Breaking news: DOJ usec and prosecutors take a leave. (the equivalent of the President telling them “just cool your heels, boys”)

photo by DOJ website used here for non-commercial purposes
photo by DOJ website used here for non-commercial purposes

                       DOJ executives starting from Usec Blancaflor (through whose office the draft order of release of the Alabang boys was coursed) and the prosecutors went on leave yesterday upon instruction of the President. Indefinite leave, as it seems.

    Their colleagues and fellow prosecutors in the DOJ, and those who were asked to go on leave themselves, should not fret, should put a smile on their grim and sad faces: the President owes Raul Gonzales her presidency, she won’t let you down, little boy blue, just let the news coverage blow over.

               Malacañang  stops short. See?
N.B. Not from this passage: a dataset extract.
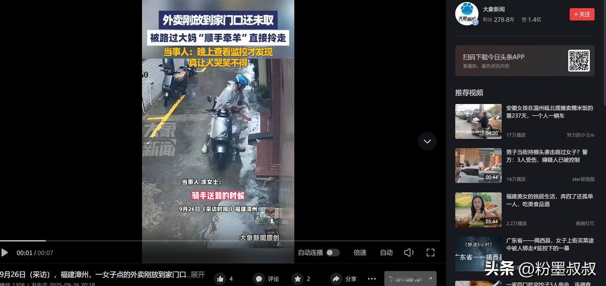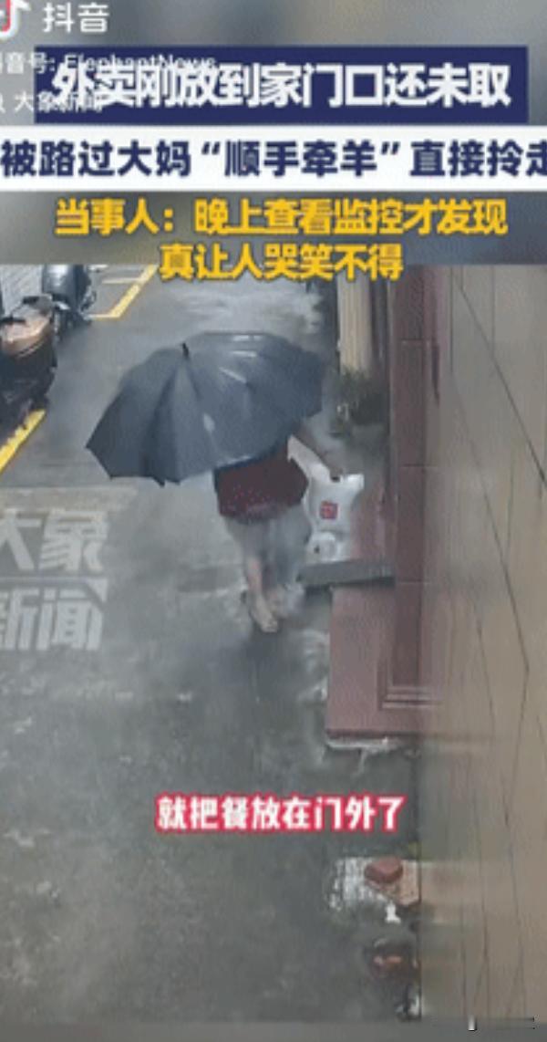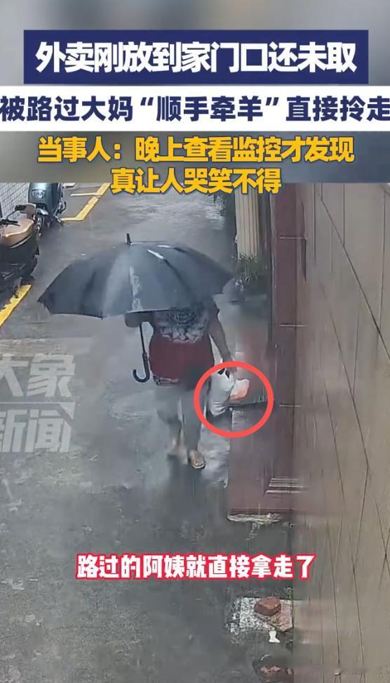 “太缺德了!”福建漳州,一女子雨天点外卖,骑手敲门没人开,于是就放在了门口,之后女子想起来出门拿外卖时,却不见了,调监控一看,竟是一名陌生大妈趁没人,揣着外卖溜之大吉,网友:这便宜占得也太掉价! 福建漳州前些天连着下大雨,那天雨下得尤其大,瓢泼似的砸在窗户上,听得人都不想出门,有个女的懒得做饭,就点了份外卖,想着等餐到了热热乎乎吃一口,能驱散点雨天的凉劲儿,可没成想,最后等来的不是餐食是一肚子气。 送这份餐的骑手小哥,那天估计也忙得脚不沾地,雨天订单本来就多,平台还催得紧超时一分钟都可能扣钱,他赶到女顾客家门口的时候,按了门铃、敲了门,可外面雨下得太吵,屋里的人压根没听见动静。 小哥看着手机里下一单的倒计时,又犹豫了几秒,最后还是把餐放在门口,转身就赶往下一家了,他大概是想着 “先放下,顾客一会儿看到提示会来拿”,可没料到这份没人看管的外卖,转眼就成了别人眼里的 “便宜”。 小哥走了没几分钟,一个穿花外套的中年大妈就出现在楼道里,她哪儿是碰巧路过啊,动作一看就是早有预谋:先站在楼道口四下扫了一圈,确定没人注意又凑到女顾客家门口,扒着门缝往里偷偷看,确认屋里没动静才敢伸手。 一把就把那份还带着余温的外卖揣进了自己怀里,脚步都没停,头也不回地就溜了,整个过程也就几十秒熟练得不行,看着就不像是第一次干这种事。 屋里的女顾客,后来看到手机上 “外卖已送达” 的提示,才想起去门口拿,结果一开门门口空空的,连个餐盒的影子都没有,她还以为是骑手送错地方了,联系小哥才知道餐早就放在门口了。 这时候她才慌了赶紧找物业调了楼道监控,一看到监控里大妈那套 “行云流水” 的偷餐操作,气得不行,下雨天点份外卖多不容易啊,怎么就有人好意思把别人的东西揣自己兜里? 不过她也没选择报警,觉得 “就一份几十块的外卖,报警还得跑前跑后,太麻烦”,她先是找平台申诉,说明情况后,平台很快给她退了款,算是挽回了损失,之后又把监控片段截下来,发到了小区的业主群里没说要找谁算账,就是想提醒邻居们“雨天外卖放门口得留神,别让有心眼的人把便宜占了。” 群里的邻居看到视频都炸了锅,有人说 “这大妈也太缺德了吧,几十块的东西也偷,至于吗?” 还有人吐槽 “这便宜占得也太掉价了,丢的可不是几块钱,是脸啊!” 其实大家都明白,这事儿不是钱多少的问题,是人品的事儿,不问自取就是偷,哪怕只是一份外卖,也不能拿 “顺手” 当借口。 之前广州就出过类似的事儿,有个大妈也是总偷拿别人放在门口的外卖次数多了,被失主们联合找了出来,最后不光得把偷外卖的钱都赔了,还因为盗窃被行政拘留了。 所以别觉得 “拿份外卖没人管”,这种侥幸心理根本靠不住,真要较起真来,该承担的责任一点都少不了,想想也挺唏嘘的,雨天里骑手为了不超时冒雨送餐,顾客为了一口热饭点外卖,结果就因为有人贪小便宜,把本该顺顺利利的事儿搅得不痛快。 平台能退款,可人与人之间的信任呢?下次骑手再遇到这种 “敲门没回应” 的情况,会不会更纠结?顾客再点外卖,会不会总担心 “餐会不会被偷”? (信息来源:大象新闻——福建漳州,一女子点的外卖刚放到家门口还未取,被路过大妈“顺手牵羊”直接拎走,当事人:“晚上查看监控的时候才发现,真让人哭笑不得”)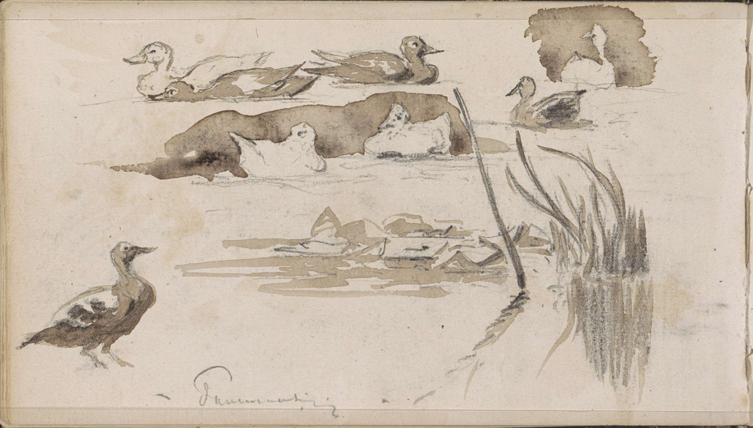 Eenden op het water en rietstengels

            The President has the power to summarily axe non-career government personnel and to transfer those who could not be axed summarily, she has the power to conduct her own silent speedy investigation in a matter of three days to get to the bottom of the bribery allegations and thereafter fire or transfer the concerned personnel, she has the power to give walking papers to the head of any government agency who sits at the top of the giving and taking (and thereafter cause the filing of complaints), yet she leaves the so-called investigation to mere DOJ underlings, the NBI. The NBI being a subordinate agency of the DOJ, cannot be expected to undertake a speedy impartial investigation of its own bosses, (the DOJ bosses), who sign their merit promotions, their paychecks, etc. For that matter, any panel created by the DOJ secretary would be suspect.

 

       Without exercising these options created by the powers vested on the office of the president, the leave of the DOJ execs and prosecutors is perhaps good only until the news coverage of the bribery allegations blows over.

      It’s the equivalent of the  President telling the DOJ execs and prosecutors: “Just cool your heels, boys. Chill.”